═════ THE INPUT ═════
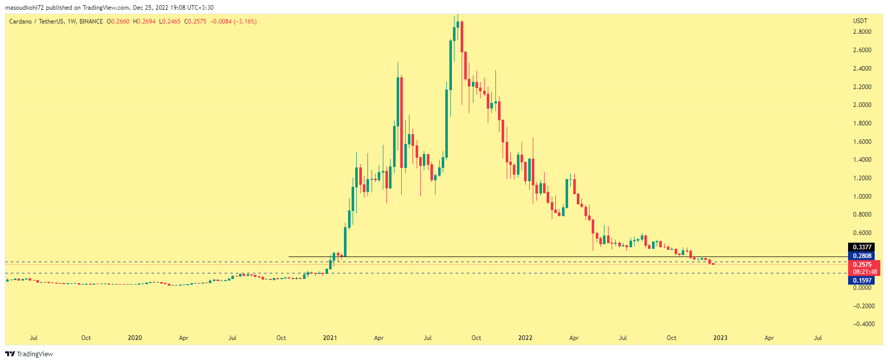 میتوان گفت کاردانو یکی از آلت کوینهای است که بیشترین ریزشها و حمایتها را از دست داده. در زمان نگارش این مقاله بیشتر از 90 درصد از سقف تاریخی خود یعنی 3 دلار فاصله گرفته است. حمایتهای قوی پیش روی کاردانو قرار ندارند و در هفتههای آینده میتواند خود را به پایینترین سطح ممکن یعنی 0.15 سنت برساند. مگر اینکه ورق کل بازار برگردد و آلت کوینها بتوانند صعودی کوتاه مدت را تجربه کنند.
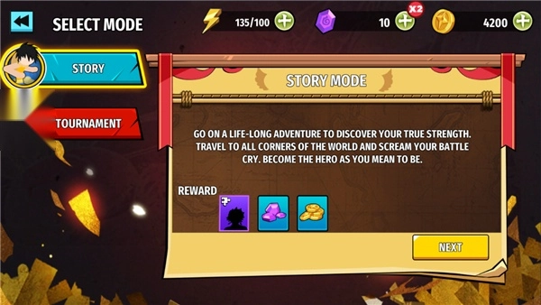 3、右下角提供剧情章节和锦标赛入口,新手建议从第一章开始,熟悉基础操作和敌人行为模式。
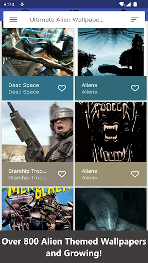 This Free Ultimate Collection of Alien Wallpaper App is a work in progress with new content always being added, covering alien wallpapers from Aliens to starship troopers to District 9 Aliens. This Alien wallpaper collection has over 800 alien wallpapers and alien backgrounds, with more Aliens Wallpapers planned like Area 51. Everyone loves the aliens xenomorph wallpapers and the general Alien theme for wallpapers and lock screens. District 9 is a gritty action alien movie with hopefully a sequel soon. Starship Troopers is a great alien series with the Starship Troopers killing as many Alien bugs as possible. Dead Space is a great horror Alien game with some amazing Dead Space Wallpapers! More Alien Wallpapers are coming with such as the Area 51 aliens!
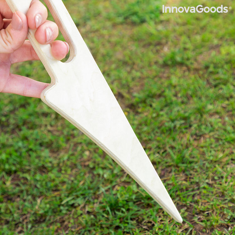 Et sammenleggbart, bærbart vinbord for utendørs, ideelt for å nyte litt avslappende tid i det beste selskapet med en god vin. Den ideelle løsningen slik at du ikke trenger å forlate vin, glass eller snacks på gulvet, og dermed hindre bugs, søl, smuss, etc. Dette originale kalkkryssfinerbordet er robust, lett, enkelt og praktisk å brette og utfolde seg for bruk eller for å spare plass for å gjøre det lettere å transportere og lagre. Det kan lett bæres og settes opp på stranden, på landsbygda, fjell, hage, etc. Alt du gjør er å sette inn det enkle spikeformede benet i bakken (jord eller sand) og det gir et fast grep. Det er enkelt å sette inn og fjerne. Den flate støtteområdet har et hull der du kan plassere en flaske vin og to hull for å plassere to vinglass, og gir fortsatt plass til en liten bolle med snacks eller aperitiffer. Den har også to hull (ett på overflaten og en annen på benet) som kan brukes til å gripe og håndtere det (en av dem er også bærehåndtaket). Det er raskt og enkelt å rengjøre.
═════
═════ THE INPUT ═════
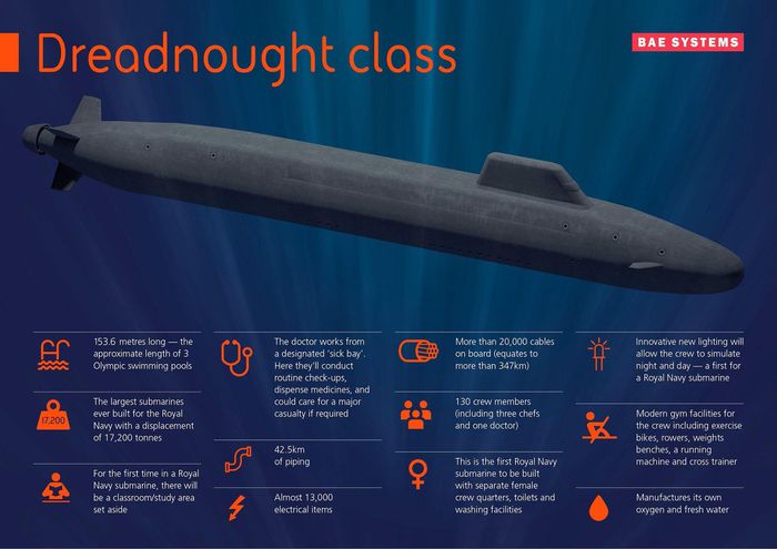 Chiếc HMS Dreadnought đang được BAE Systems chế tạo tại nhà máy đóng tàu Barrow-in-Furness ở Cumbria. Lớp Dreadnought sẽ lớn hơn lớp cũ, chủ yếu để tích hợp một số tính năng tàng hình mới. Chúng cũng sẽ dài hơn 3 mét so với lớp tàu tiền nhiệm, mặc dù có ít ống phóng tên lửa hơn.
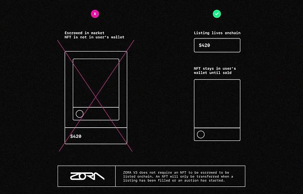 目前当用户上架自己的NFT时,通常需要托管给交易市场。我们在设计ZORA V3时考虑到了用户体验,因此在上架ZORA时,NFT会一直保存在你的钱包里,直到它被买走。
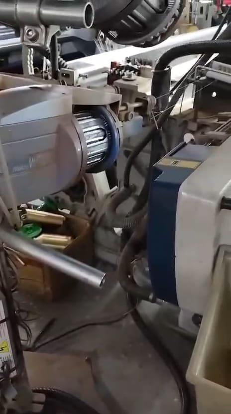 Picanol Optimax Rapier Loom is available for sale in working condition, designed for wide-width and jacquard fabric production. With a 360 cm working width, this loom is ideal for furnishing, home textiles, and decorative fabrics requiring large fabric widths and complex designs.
═════
Pictures aside, print exactly the lines above starting with the one containing "This Free Ultimate" and going on through the one containing "Et sammenleggbart, bærbart".

§ FINISHED TASK:
 This Free Ultimate Collection of Alien Wallpaper App is a work in progress with new content always being added, covering alien wallpapers from Aliens to starship troopers to District 9 Aliens. This Alien wallpaper collection has over 800 alien wallpapers and alien backgrounds, with more Aliens Wallpapers planned like Area 51. Everyone loves the aliens xenomorph wallpapers and the general Alien theme for wallpapers and lock screens. District 9 is a gritty action alien movie with hopefully a sequel soon. Starship Troopers is a great alien series with the Starship Troopers killing as many Alien bugs as possible. Dead Space is a great horror Alien game with some amazing Dead Space Wallpapers! More Alien Wallpapers are coming with such as the Area 51 aliens!
 Et sammenleggbart, bærbart vinbord for utendørs, ideelt for å nyte litt avslappende tid i det beste selskapet med en god vin. Den ideelle løsningen slik at du ikke trenger å forlate vin, glass eller snacks på gulvet, og dermed hindre bugs, søl, smuss, etc. Dette originale kalkkryssfinerbordet er robust, lett, enkelt og praktisk å brette og utfolde seg for bruk eller for å spare plass for å gjøre det lettere å transportere og lagre. Det kan lett bæres og settes opp på stranden, på landsbygda, fjell, hage, etc. Alt du gjør er å sette inn det enkle spikeformede benet i bakken (jord eller sand) og det gir et fast grep. Det er enkelt å sette inn og fjerne. Den flate støtteområdet har et hull der du kan plassere en flaske vin og to hull for å plassere to vinglass, og gir fortsatt plass til en liten bolle med snacks eller aperitiffer. Den har også to hull (ett på overflaten og en annen på benet) som kan brukes til å gripe og håndtere det (en av dem er også bærehåndtaket). Det er raskt og enkelt å rengjøre.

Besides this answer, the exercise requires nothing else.